Yani Marin, foreground

Performed in a monologic manner that recalls Ntzoke Shange’s “choreopoem” format in for colored girls who have considered suicide / when the rainbow is enuf, its dialogue-less narrative is presented by a diverse cast of Latinx performers who alternate playing the Author in a series of episodes, set in 1988 (age 10), 1991 (13), 1993 (15), 1994 (16), 1995 (almost 18), and 2008 (26). When not playing the Author, called Qui Qui by her cousins, the others represent either aspects of her personality or relatives in what she dubs the “Perez” family. 

The women we meet speak in hip, sassy, streetwise, Spanish-inflected sentences. One turns out to be illiterate, a product of a dysfunctional education system, although the gifted central character based on the playwright flourishes in a magnet school where she awes her teacher by saying that Willy Loman’s tragedy in Death of a Salesman is his discovery that he’s “average.” I suspect that some auditors may have different opinions. 

Samora la Perdida, Zabryna Guevara, Marilyn Torres

Pulsing with feeling, but absent of drama—in the sense of conflict, suspense, and stakes (unlike for colored girls)—Ms. Hudes revels in language, often self-consciously, as she grapples with what she claims to be the insufficiency of English to express her family history. How, she wonders, can she connect her language to her experience? Throughout, a female pianist, Ariacne Trujillo-Durand, expertly provides fine musical accompaniment, not only with contemporary, Hispanic-influenced tunes and rhythms, but passages from Chopin as well. 

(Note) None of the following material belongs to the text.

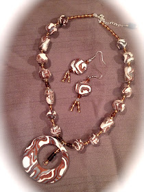 Photo below shows the very first polymer clay jewelry I created. I made clay canes with swirl design using several colours of Premo accent. I cut thin slices of clay canes to cover the pendant and the clay beads and I added glass beads to my design. I created this set for a wonderful friend.
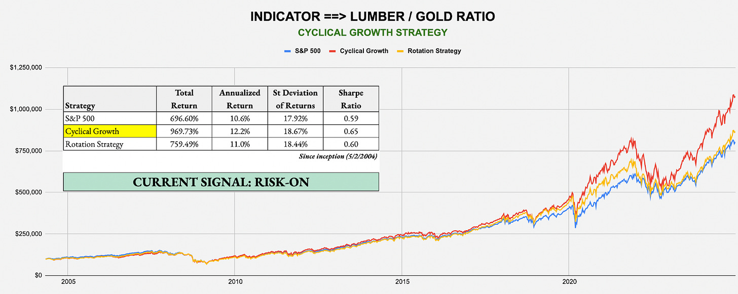 Strategy: Lumber/Gold Cyclical Growth - Example: Invest in Growth (VUG) over S&P 500 (SPY)

The effort, delivered with over-the-top histrionic emphasis, sounding not much different from a hipster poetry slam, allows for considerable choreographic invention, devised by Ebony Williams. Several moments— like when the electric Yani Marin, dressed in tight white, portrays a woman in the throes of ritual possession—are striking demonstrations of physical commitment. They fail, though, to supply more than momentary visual distraction to material that could almost as well be read from a podium as performed on a stage.

Daphne Rubin Vega, Samora la Perdida (face obscured), Yani Marin

Ms. Hudes’s journey introduces: a trip in an old jalopy (or “hooptie”) with her beloved older cousins to New Jersey’s Six Flags theme park, where Qui Qui is too sick to go on the rides; her first period; her mother’s becoming possessed while channeling a deity (orisha) of the Lukumi (a.k.a. Santería) faith; her high school interpretation of Willy Loman; a close relative’s death; her discussion of famous art works (using overhead projectors that blur more than they illuminate); her anger at Marcel Duchamps’s “Étant donnés,” a painting focused on a vagina; her eclectic literary interests; a “rice ballet”; and so on. Finally, her first play (apparently completed in a state of possession beyond her control), based on her overweight sister, is produced at Brown, which helps bring them together. 

In the course of her rambling, during which Qui Qui name drops famous authors and artists, almost as if to demonstrate how well-educated she is, she aspires to create a museum or a library to memorialize the women in her family, who have faced life with great fortitude, even though she thinks the family may be cursed. “We must be our own librarians!” she insists. Aside from their spirited joie de vivre, however, it’s not that easy to see what it is about these women that needs memorializing in a library.

Marilyn Torres, Ariacne Trujillo Duran, Yani Marin, Daphne Rubin-Vega (foreground), Samora la Perdida

None of this is meant to detract from Ms. Hudes’s verbal gifts—some of the writing being quite memorable. For example her riff on the fleshy distinctions among the female bodies she’s seen (“trapped in perma-bloat,” unlike the mostly trim physiques we see on stage), or the particularly vivid, even funny, segments on pubic hair and nipples.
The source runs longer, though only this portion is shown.